Referring to fig. 20, the apparatus 2000 may have a relatively large difference due to different configurations or performances, and may include one or more Central Processing Units (CPUs) 2022 (e.g., one or more processors) and a memory 2032, and one or more storage media 2030 (e.g., one or more mass storage devices) for storing applications 2042 or data 2044. The memory 2032 and the storage medium 2030 may be, among other things, transient storage or persistent storage. The program stored in the storage medium 2030 may include one or more modules (not shown in the drawings), each of which may include a series of instruction operations in the device. Further, the central processor 2022 may be arranged to communicate with the storage medium 2030 to execute a series of instruction operations in the storage medium 2030 on the device 2000. The apparatus 2000 may also include one or more power supplies 2026, one or more wired or wireless network interfaces 2050, one or more input-output interfaces 2058, and/or one or more operating systems 2041, such as Windows Server, Mac OS XTM, UnixTM, LinuxTM, FreeBSDTM, etc. Any of the methods described above in this embodiment can be implemented based on the apparatus shown in fig. 20.

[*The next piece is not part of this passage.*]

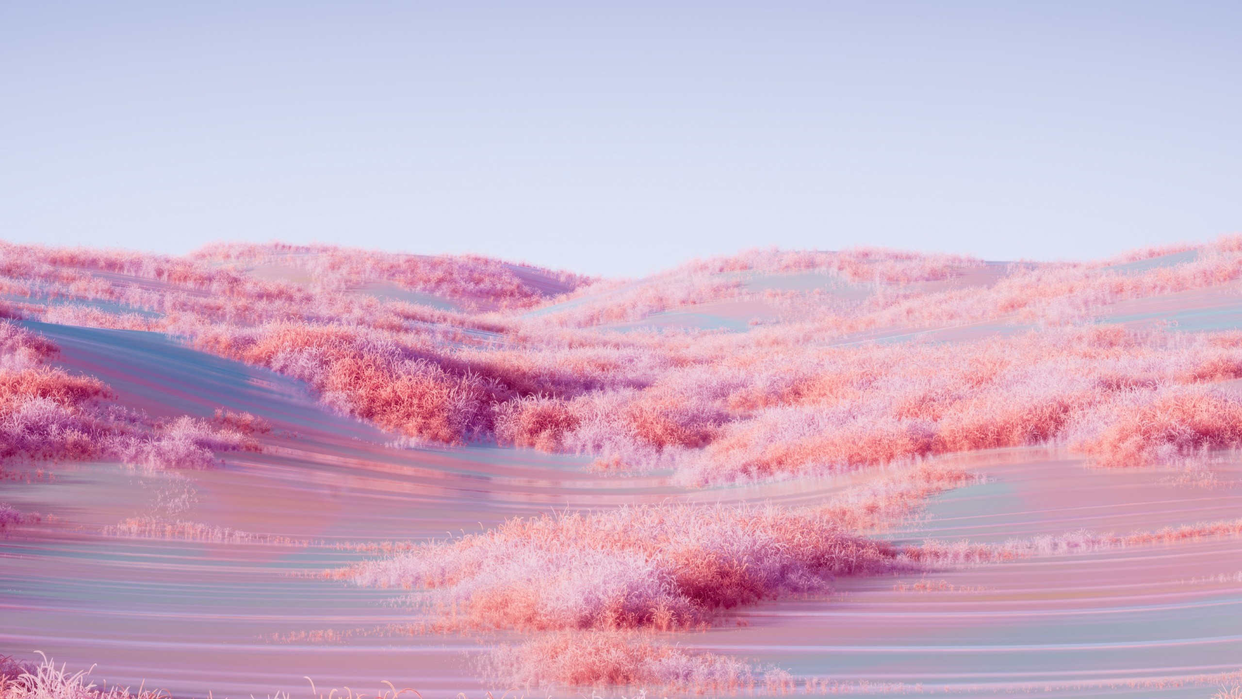 Soft hills, cotton-candy highlights, and a wide open sky—this pink landscape wallpaper is built for ultra-wide setups that need calm color without visual noise. The scene stays airy and light, with gentle texture that reads clean from a distance.

The present specification provides method steps as described in the examples or flowcharts, but may include more or fewer steps based on routine or non-inventive labor. The steps and sequences recited in the embodiments are but one manner of performing the steps in a multitude of sequences and do not represent a unique order of performance. In the actual system or interrupted product execution, it may be performed sequentially or in parallel (e.g., in the context of parallel processors or multi-threaded processing) according to the embodiments or methods shown in the figures.

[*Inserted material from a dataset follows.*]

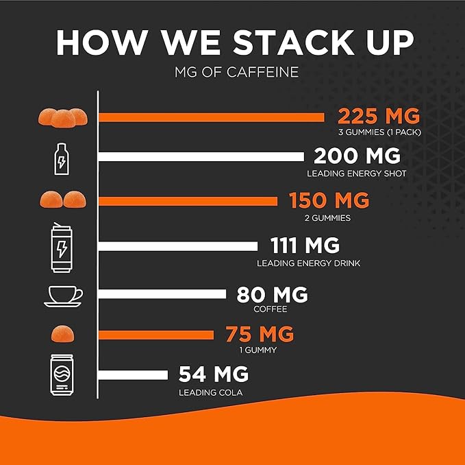 - PERSONALIZE YOUR ENERGY NEEDS: Get full control of your energy! At 75 mg of caffeine per gummy, you decide what you need. Need 75 mg of caffeine for a morning boost? Take 1 gummy. Need even more energy to tackle the day? Take 2 or 3. With 225 mg of caffeine in each pouch you decide.

The configurations shown in the present embodiment are only partial configurations related to the present application, and do not constitute a limitation on the devices to which the present application is applied, and a specific device may include more or less components than those shown, or combine some components, or have an arrangement of different components. It should be understood that the methods, apparatuses, and the like disclosed in the embodiments may be implemented in other manners. For example, the above-described apparatus embodiments are merely illustrative, and for example, the division of the modules is merely a division of one logic function, and there may be other divisions when actually implemented, for example, a plurality of units or components may be combined or may be integrated into another system, or some features may be omitted, or not executed. In addition, the shown or discussed mutual coupling or direct coupling or communication connection may be an indirect coupling or communication connection through some interfaces, devices or unit modules.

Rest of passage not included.